Как бы то ни было, когда я приехал сюда в девятнадцатом году, я обнаружил, что его присутствие здесь, если можно так выразиться, было еще очень-очень ощутимо. Не то чтобы что-то имелось против меня, тороплюсь я добавить – ну, не в начале, – а просто местные жители не забыли его блистательную доблесть. Боюсь, в сравнении я не мог их не разочаровать.
Несомненно, это объясняет, почему, когда мы с Синтией переехали сюда, прихожане поначалу нас чуточку сторонились, чуточку на нас «морщились». Особенно некая миссис де Казалис. Она наша местная гранд-дама и, очевидно, была «на дружеской ноге» с моим предшественником. Хакер, деревенский мастер на все руки, даже придумал ей прозвище «Любимочка викария». Ну, знаете, как школьник, которого дразнят «любимчиком училки»?

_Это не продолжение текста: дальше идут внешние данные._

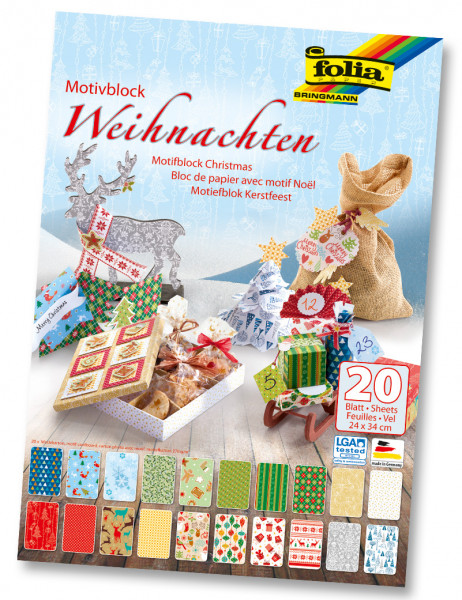 Produktinformationen "Motivkartonblock Weihnachten 270g/m 24x34 cm, 20 Blatt in 10 Motiven"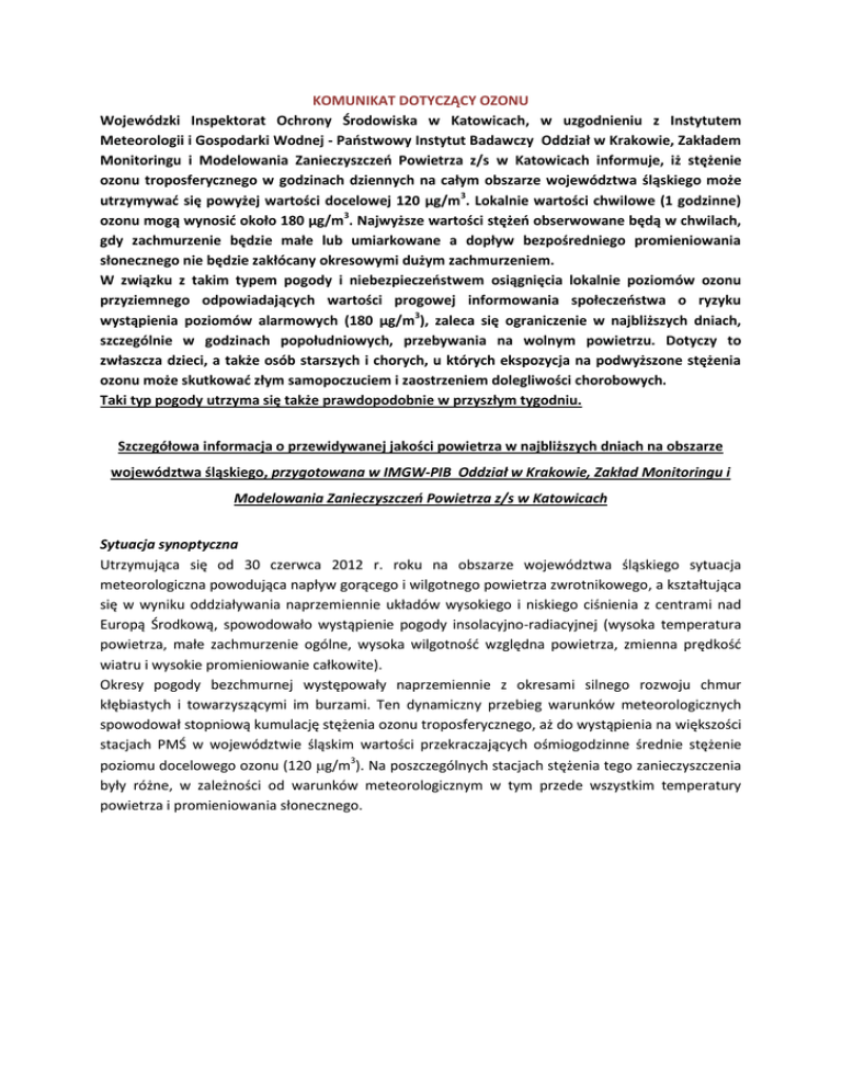 KOMUNIKAT DOTYCZĄCY OZONU Wojewódzki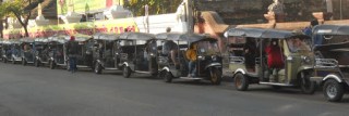 A tuk-tuk is a three-wheeled, three-person vehicle powered by a motorcycle engine that in Thailand, uses natural gas as fuel. Tuk-tuks evolved from rickshaws, and are used in many countries for various types of transportation. In Thailand, they are used heavily for short-ride taxis in Bangkok, Chiang Mai, Chiang Rai, and Pukket (the major tourist cities). There are no meters, the fare is negotiated in advance for the destination. Unfortunately, many of the tuk-tuk drivers are aggressive drivers, and tend to charge tourists too much, so I avoid them. Sometimes they are the best option available, as the shared ride Red Trucks do not go everywhere.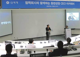 지난해 10월 경기도 용인 신세계인재개발원에서 신세계백화점 대표가 협력회사 대표 30명을 초청해 경영역량 강화 등에 대해 강의하고 있다.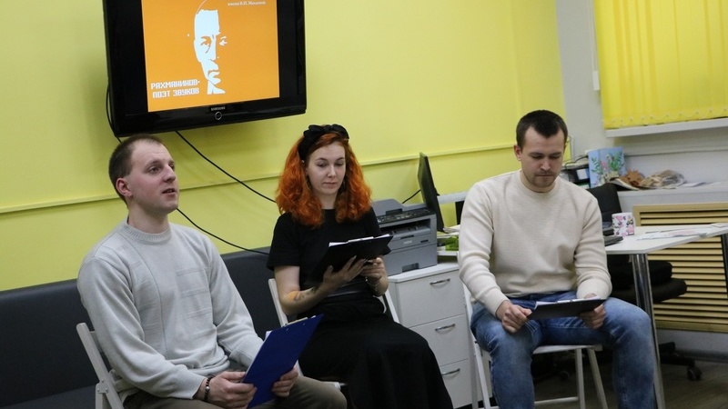 Участники встречи послушали пронзительные стихи Геннадия Самошина «Рахманинов» в исполнении волонтеров и сотрудников библиотеки под музыку великого музыканта.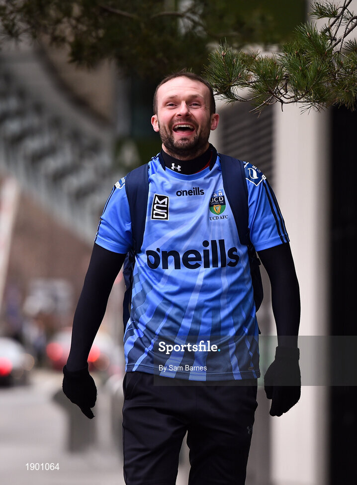 18 March 2020; Glenavon footballer Conan Byrne, formerly of UCD, Sporting Fingal, Shelbourne and St Patrick's Athletic, arrives at the Aviva Stadium during his marathon walk in aid of the Irish Cancer Society which took in every SSE Airtricity League of Ireland stadium in the Dublin region and which started off in Tolka Park and finished at the Aviva Stadium. Photo by Sam Barnes/Sportsfile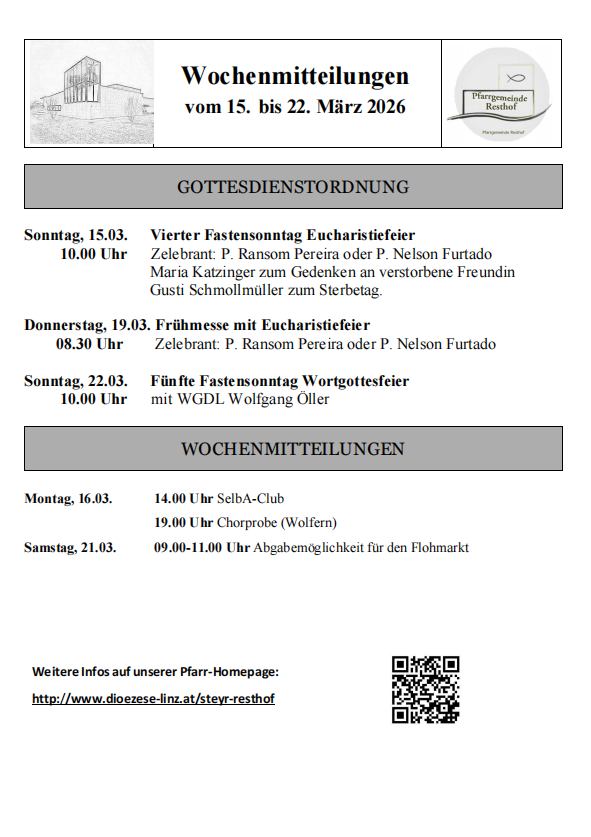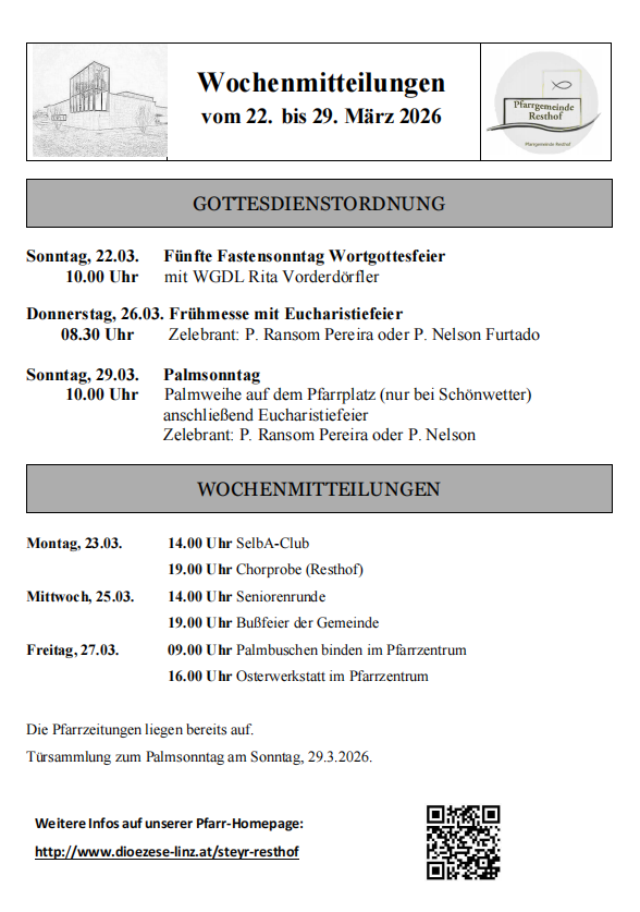 Hier finden Sie einen Überblick der Gottesdienste, Veranstaltungen und Termine in der kommenden Woche sowie wichtige Informationen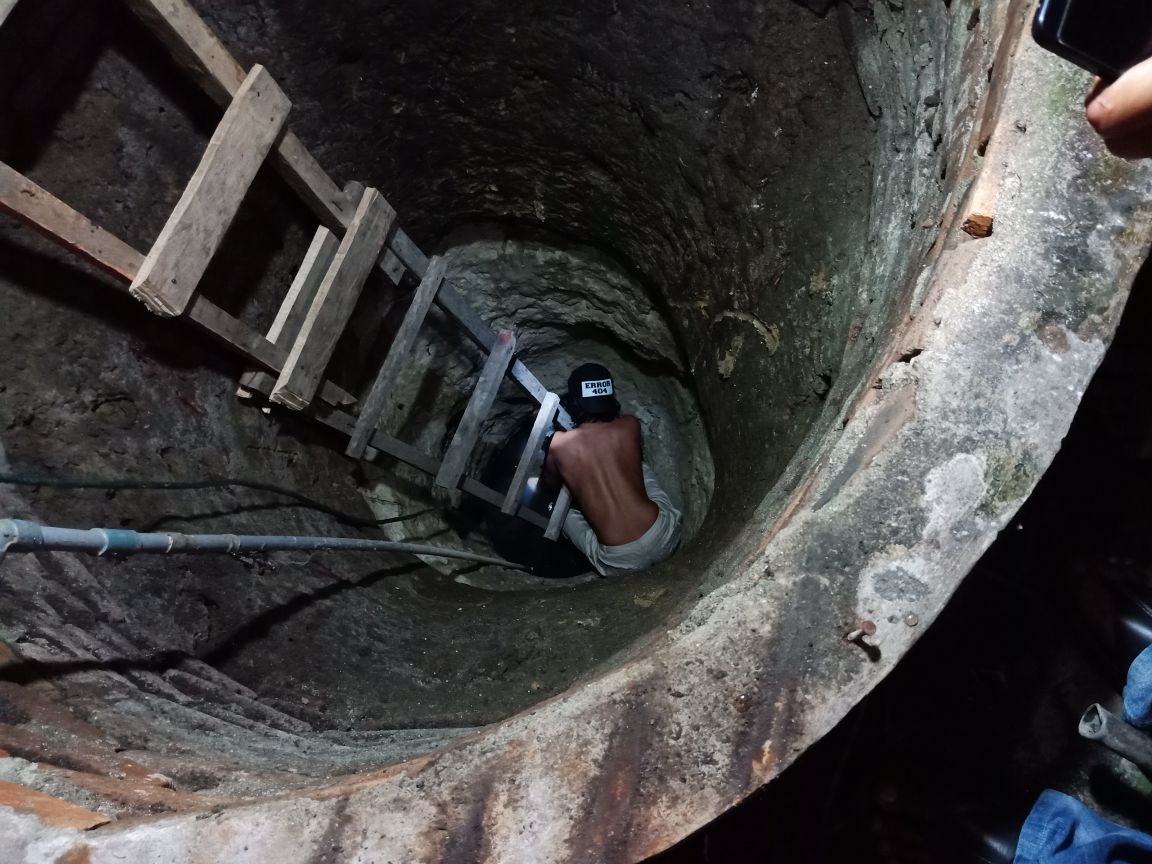 Evakuasi pengangkatan mayat korban bunuh diri yang lompat ke dalam sumur.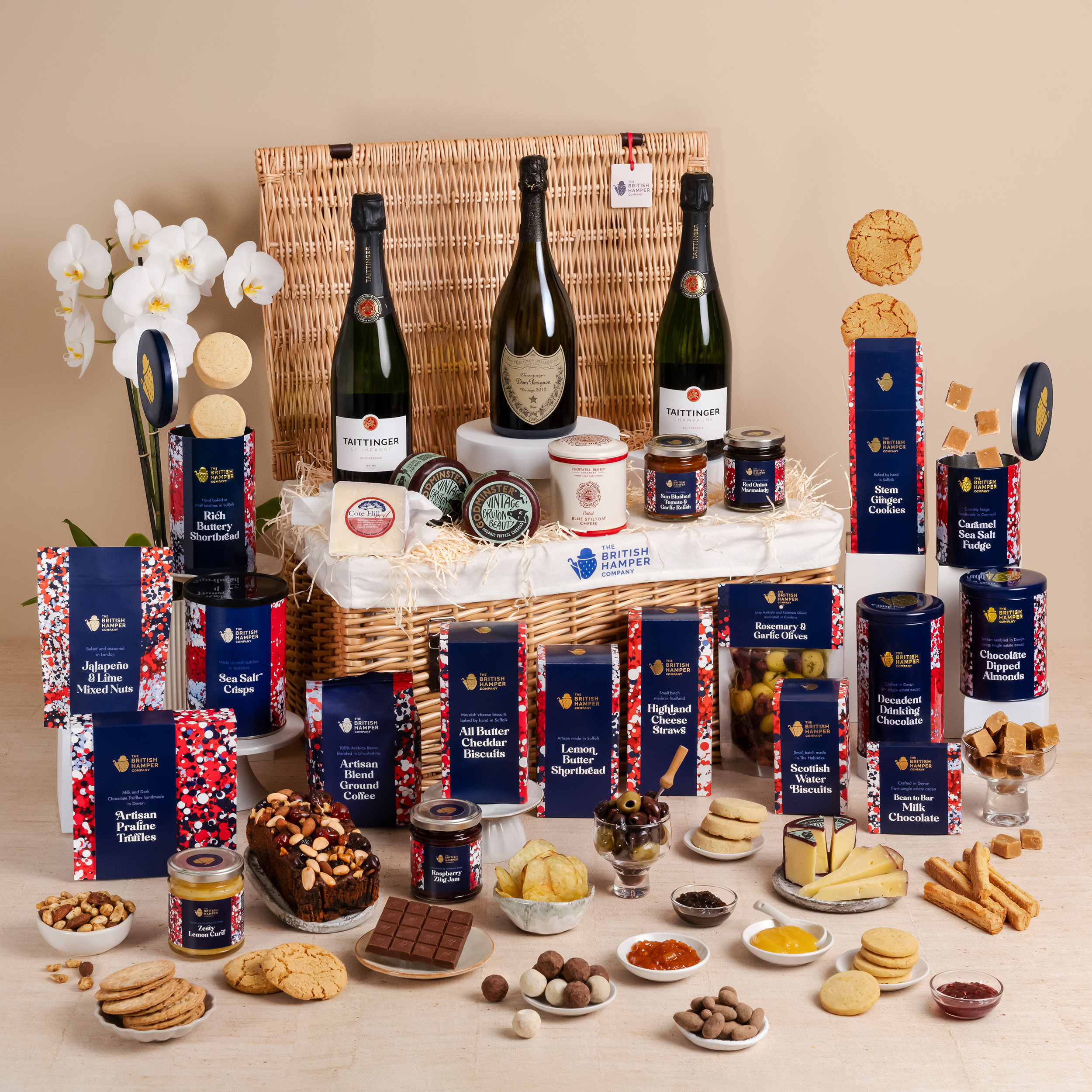 The pop of Taittinger Champagne sets the tone for celebration, while the accompanying treats from Britain’s finest artisans ensure each bite is memorable.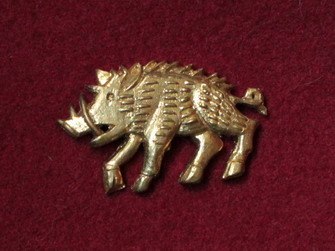 Бэдж в виде кабана. Белого кабана избрал своей эмблемой Ричард, герцог Глостерский (позже Ричард III). Входит в коллекцию рисунков, в основном, йоркистских эмблем, сделанную ок. 1466-70 гг. В 1483 г. отчеты королевского гардероба показывают, что в июле были изготовлены тысячи бэджей с кабанами для коронации Ричарда III. Англия, 1483-84 гг. По книге Brian Spencer "Pilgrim souvenirs and Secular badges".
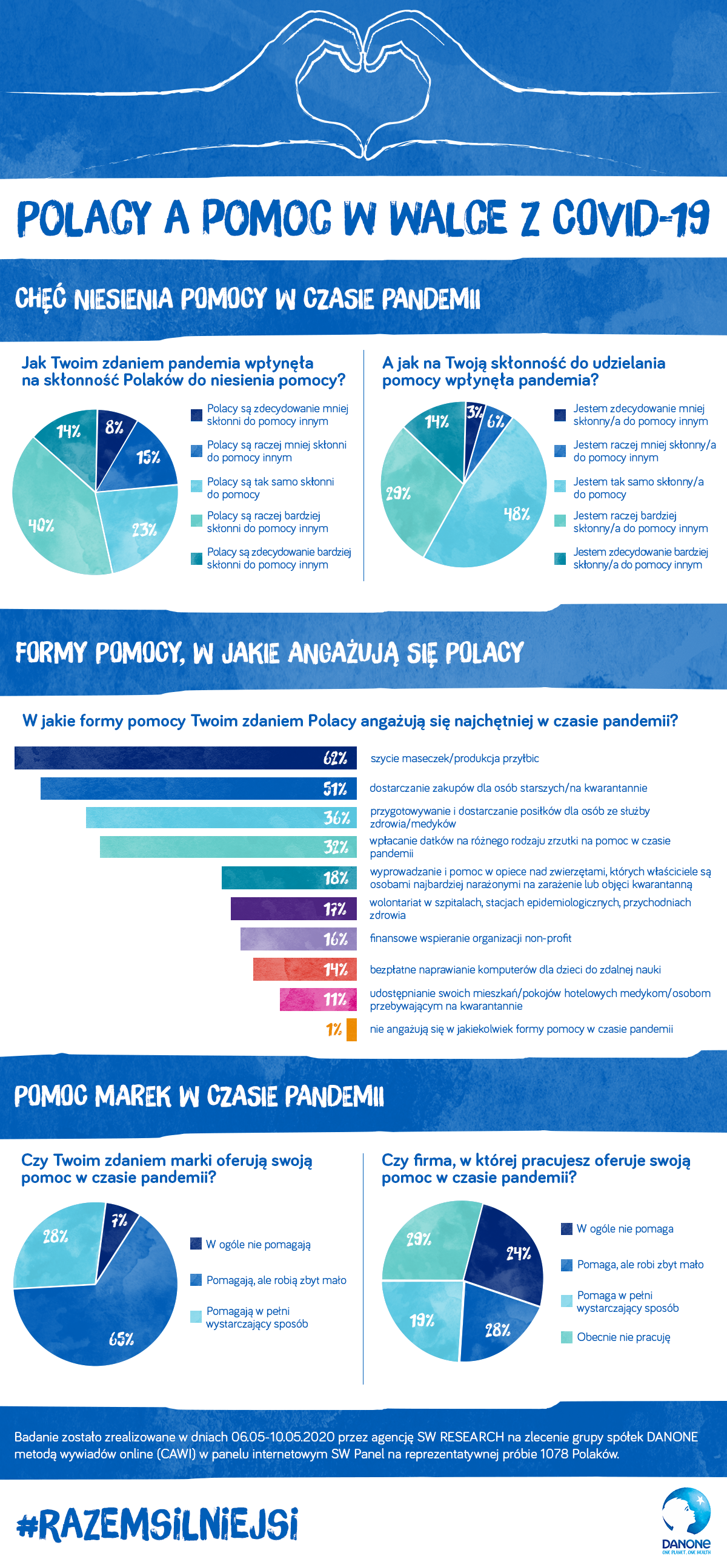 Z badania SW Research na zlecenie spółek DANONE wynika, że w opinii ponad połowy ankietowanych pandemia zwiększyła skłonność Polaków do niesienia pomocy. Respondenci upatrują dwóch głównych przyczyn zmiany postaw. Blisko 50% badanych zgodziło się, że trudna sytuacja spowodowana pandemią jednoczy i solidaryzuje ludzi. Natomiast według 46% respondentów na naszą gotowość do niesienia pomocy wpływa świadomość, że choroba COVID-19 wywołana koronawirusem może dotknąć bez wyjątku każdego z nas.

И вскоре стало ясно, что она ожидает, что все будет продолжаться как раньше. Видите ли, мой предшественник был холост, и, хотя это должно было расцениваться как минус, на самом деле все сложилось прямо наоборот. Все местные дамы – нет, инспектор, мне не хотелось бы представить их ВСЕХ как пронырливых сплетниц, – но все местные дамы, СОДЕЙСТВУЮЩИЕ приходским делам, вы понимаете, организующие наши Благотворительные Распродажи, и Загадочные Экскурсии, и Прогулки в Шарабанах для стариков, так все они прямо-таки пребывали на седьмом небе, поскольку у них не было помехи в лице супруги священника, которая руководила бы всеми этими мероприятиями, как требует традиция.
А потому, по меньшей мере в первые месяцы, мы влачили довольно одинокое существование. Вообще это одинокие края, и у нас были обычные наши затруднения с обретением новых друзей. И вот, не подумав о возможных последствиях, Синтия немедленно и рьяно принялась за исполнение обычных обязанностей супруги приходского священника и, боюсь, только наступила кое-кому на ногу. И потом у нас дома даже произошло что-то вроде публичного объяснения, если можно так выразиться.
Я и сейчас вижу, как они сидят в нашей маленькой гостиной, постукивая чашками с чаем о блюдца, будто сборище мадам Дефарж перед гильотиной, и после нескольких жалящих упоминаний об ИСКЛЮЧИТЕЛЬНОСТИ моего предшественника, о его героизме и так далее миссис де Казалис обернулась ко мне и спросила крайне бесцеремонно: «А чем занимались ВЫ в дни Великой войны, викарий?» «ВЫ», разумеется, она выделила.
Наступила многозначительная пауза, а затем старший инспектор – единственный из слушавших священника, кто не знал развязки его истории, предложил ему продолжать.
– Вы понимаете, инспектор, – сказал священник, – я вовсе не собирался солгать. Вовсе не собирался. Это было словно… ну, словно я не УКРАЛ правду – так я, знаете ли, определяю ложь: как украденную правду, – но как бы растратил ее.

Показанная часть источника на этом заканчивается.